I went to my first movie at the Hoyts theater chain since arriving in Australia on Tuesday, and here's what I saw: ads.
Oh, I think there was a movie tacked on to the ending. I can't remember. (Yes, the Naomi Watts-as-Princess Di movie, Diana, was pretty forgettable, but it was also pretty passable considering the early reviews.)
I was rushing to make a 1:10 showing at a theater that was nearly an hour's tram ride from my house. I wouldn't normally travel so far to see a movie, except that the theater was in the same mall as the Ikea, and we needed to pick up a bedside table that had been out of stock last time I checked. Seeing as how Tuesday is the day for "cheap" movies at Hoyts ("only" $12 a ticket), I figured this would be a great occasion to patronize Hoyts for the first time.
Well, I could have slowed my pace just a little bit.
I arrived at 1:12 ... and still had 20 more minutes of ads and trailers to sit through before the movie started. Really. Twenty minutes.

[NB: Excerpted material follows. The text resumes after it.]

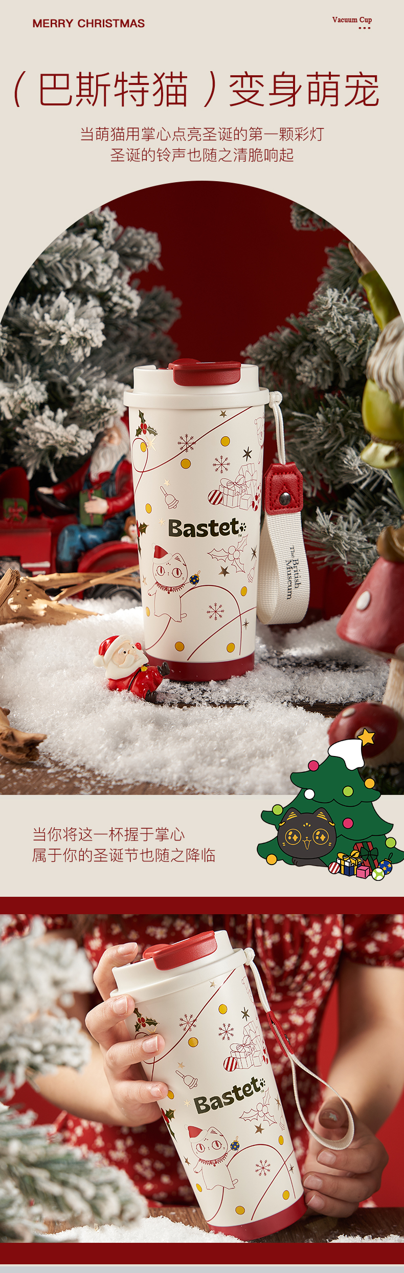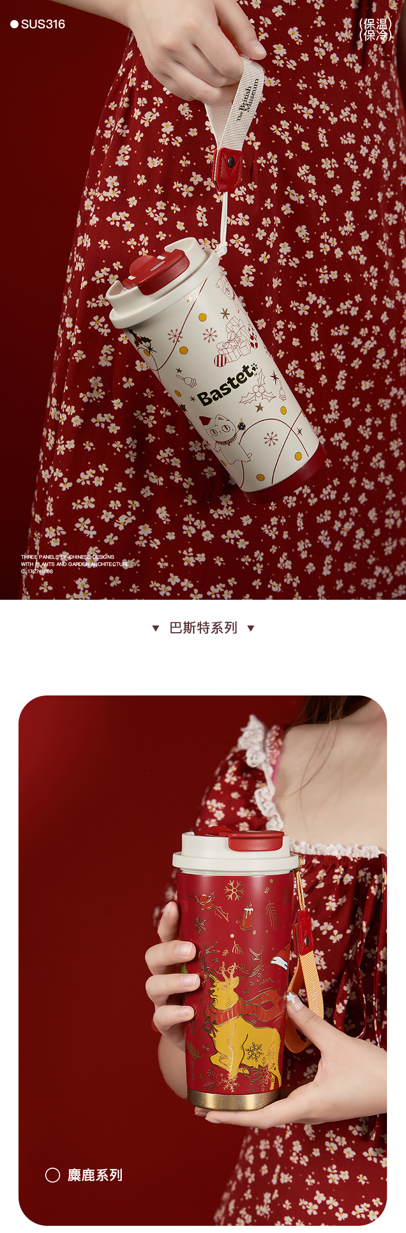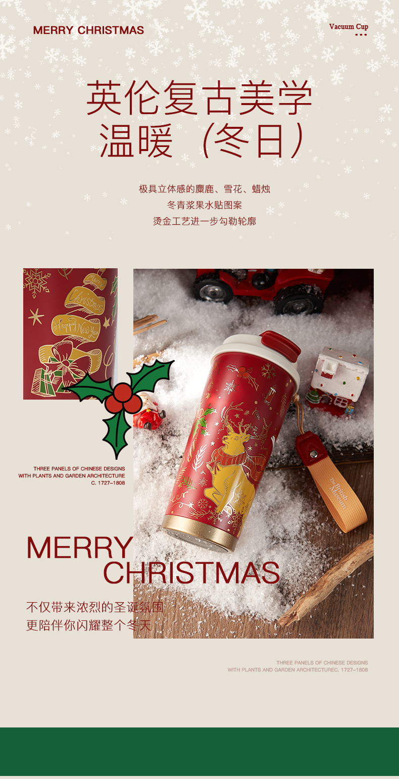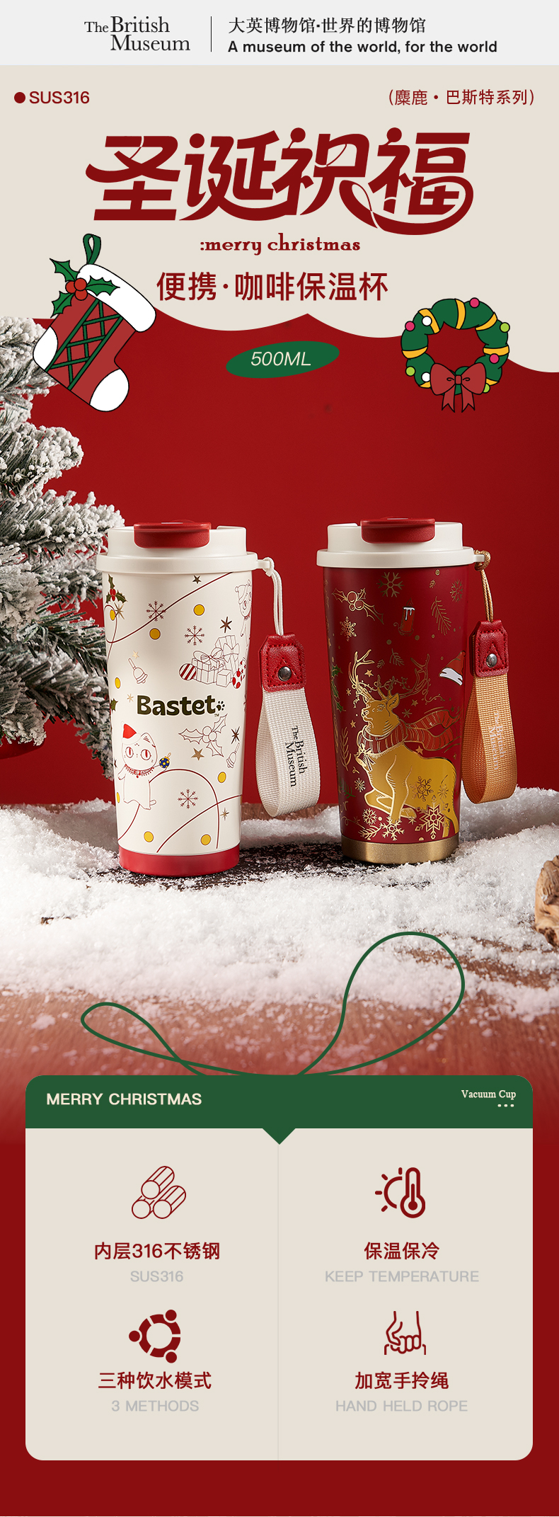 大英博物馆 麋鹿系列 盖亚·巴斯特系列 500ml 圣诞祝福 便携咖啡保温杯

I guess I've been a bit spoiled by my regular Monday visits to Cinema Nova, where you get almost no ads before they launch into the trailers. And I don't mind a few, having certainly become accustomed to that in the U.S.

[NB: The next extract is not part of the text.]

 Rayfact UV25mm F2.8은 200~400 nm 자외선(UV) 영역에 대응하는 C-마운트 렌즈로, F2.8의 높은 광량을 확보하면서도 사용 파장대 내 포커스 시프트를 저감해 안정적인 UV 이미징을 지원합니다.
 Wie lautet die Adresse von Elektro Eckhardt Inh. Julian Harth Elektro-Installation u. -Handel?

The reason the bevy of ads that preceded Diana really bothered me, though, is that they broke from a U.S. custom that I thought would be easy enough to follow internationally. Namely, the first movie trailer did not signify an end to the commercials. In fact, just the opposite.
Fairly soon after sitting down, I got a trailer for the inspirational dramedy One Chance, in which a tubby British boy becomes an unlikely opera sensation. (Don't know why it's so unlikely -- aren't most opera singers tubby?)
Following this was, I don't exaggerate, ten commercials. Ten.
At about 1:25 I figured that the movie was ready to start. I figured wrong. This kicked off another six movie trailers.
Only at long last did the further dimming of the house lights indicate that we were finally going to get a movie.
Maybe being inundated with ads is a Tuesday thing. "You don't have to pay $19 for the movie, but your penalty is 37 minutes worth of ads."
So back to Cinema Nova next Monday it is, then.